Of course none of us—I mean me and my brothers—ever had the money to pay for such sporting. It was always Wes treating us to the girls. The first thing he’d do when we got into town was go straight to the gaming tables and win enough to pay for all four of us at Kate’s or Mrs. Miller’s. I thought he could of been a rich man if he’d gambled for a living instead of just doing it for sporting money, but he said doing it for a living would take most of the fun out of it.

It was in Brenham that he met Phil Coe, the fanciest-dressing, fanciest-talking gambling man I ever knew. He was a big fella with a close beard. He carried a gold-headed walking stick and fastened his necktie with a diamond pin. His pistola was pearl-handled and he wore it in a holster under his arm. They said he was awful good with that gun, but I don’t know, I never did see him shoot. He sure saw how Wes could shoot, though—everybody in town did—because the first time we all went into Brenham together, Wes got into a contest with some of the local deadeyes and beat them all so bad they wouldn’t none of them shoot against him again. He finished up the show by shooting the windcock on the church steeple at the end of the street. He started it spinning with the first shot and kept it spinning with the next five. The fellas watching clapped and whistled like they were at a hoochie show. Reverend Hart came stomping over, all red-faced and mad enough to spit nails, but he calmed down quick when Wes gave him a twenty-dollar donation toward his good work for the Lord.

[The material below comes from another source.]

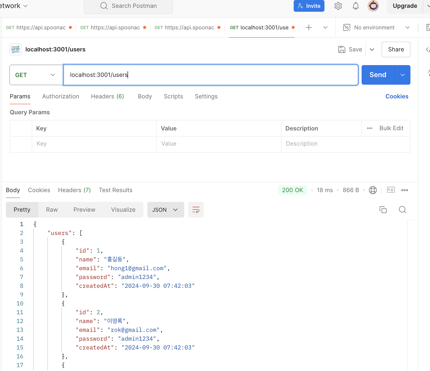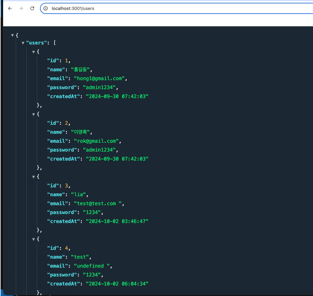작성 후 postman 열고, GET에다가 방금 구현한 주소(http://localhost:3001/users)를 쳐주면 아래와 같이 API처럼 데이터를 잘 가져오는 것을 확인할 수 있다!
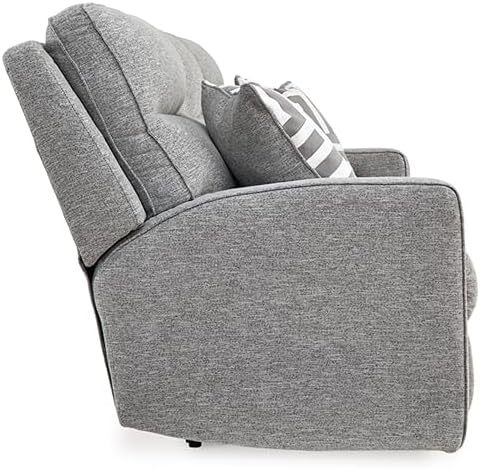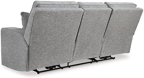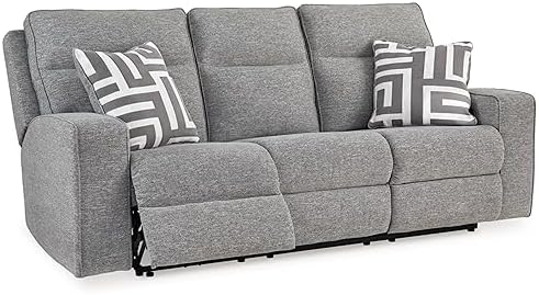 If style is the question, then this power reclining sofa is the answer. Its clean-lined profile is beautifully contemporary. High-performance fabric and plump cushioning make it so easy to comfortably kick up your heels. The adjustable Easy View headrest allows a primo view of the TV, and the extended ottoman provides extra room to really stretch out. Simply sit back, chill out and recline away—this sofa is designed to be your favorite seat in the house.

Later on when Coe and Wes got to be friends, Wes challenged him to a friendly shooting match, but Coe backed off. I was standing at the bar with them when he told Wes, “I never discharge my firearm except when compelled by serious circumstance, and the only truly serious circumstance is the defense of one’s own life.” That’s how he talked. But that was horseshit about never pulling his gun except to defend himself. He knew damn well he couldn’t outshoot Wes, and he didn’t want to get shown up in public, that’s all.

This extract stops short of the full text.